Copyright © 2019, Emerald Publishing Limited


International marketing knowledge and international entrepreneurship in the contemporary multi speed global economy

Introduction

The past two decades have witnessed the relentless advancement of a body of knowledge focused on explaining aspects of firms’ entrepreneurial internationalisation behaviour, including the actions of their key decision makers or management teams. This literature base has, in no small measure, benefited from research originating from the McGill International Entrepreneurship (IE) Conference Series, which marks its 20th anniversary in 2018. The cross-disciplinary ethos of this nascent scholarly community is amply reflected in the wealth of IE studies that actively bridge the contiguous domains of international marketing, international management, international business and much else. The present special issue extends this admirable tradition by showcasing boundary spanning research that contributes to both theory and practice.

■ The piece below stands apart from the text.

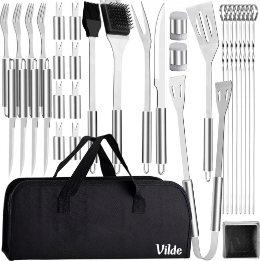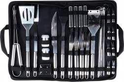 Indhold i sættet: 1× spatel (35 cm), 1× tang (34,5 cm), 1× gaffel (35 cm), 1× kniv (32 cm), 1× pensel med silikonebørster (34 cm), 8× spyd (35 cm), 1× saltbøsse (3,5 × 5,5 cm), 1× peberbøsse (3,5 × 5,5 cm), 1× grillbørste med skraber (34 cm) + 1× ekstra hoved, 8× majsholder (7 cm), 4× spisegafler (21 cm), 4× spiseknive (24 cm), 1× etui.

The selected papers have drawn on a range of theoretical perspectives to further understanding of how emerging developments, including technological advances, in the multi-speed global economy are affecting entrepreneurs’ internationalisation activities. In addressing conditions of heightened uncertainty that characterise the contemporary global economy of upended orthodoxies and diverging growth speeds, management teams are having to capitalise upon existing knowledge and experience, but also developing new capabilities and competencies, including via complementary network pathways. For decision makers in small, under-resourced firms, this typically entails taking a more creative and improvisational approach to “widely established” marketing principles like planning and information gathering, e.g. by compressing the process of acquiring and validating market knowledge and accelerating the internationalisation of “limited-window” innovations, with a view to gaining pioneering advantages, among other reasons. This approach, for the most part, describes the modus operandi of the expanding brigade of disrupters spawned, notably, by the digital and sharing economies, and their innovative and collaborative business models. The burn rate of limited funds typically available to such resource-challenged firms means that persisting with costly and time consuming in-depth market research and planning might, indeed, expose them to the very real risk of going out of business.

The above tendencies partly account for the widely observed prevalence of international new ventures’, “born globals”, and similar actors that internationalise rapidly and exhibit trajectories different from the gradual, incremental pattern suggested in earlier seminal work. Such entrepreneurial international firms, and the varying contexts – sectoral, geographical and institutional – within which they innovate, operate and strategize, offer rich platforms for research at the international marketing–IE interface. A far from exhaustive list of research questions that might benefit from more in-depth insights include:

RQ1.

How management teams leverage marketing thinking in the exploration and exploitation of entrepreneurial opportunities across national borders.

RQ2.

How management teams disrupt competitive dynamics in various industries or mitigate risks in overseas markets.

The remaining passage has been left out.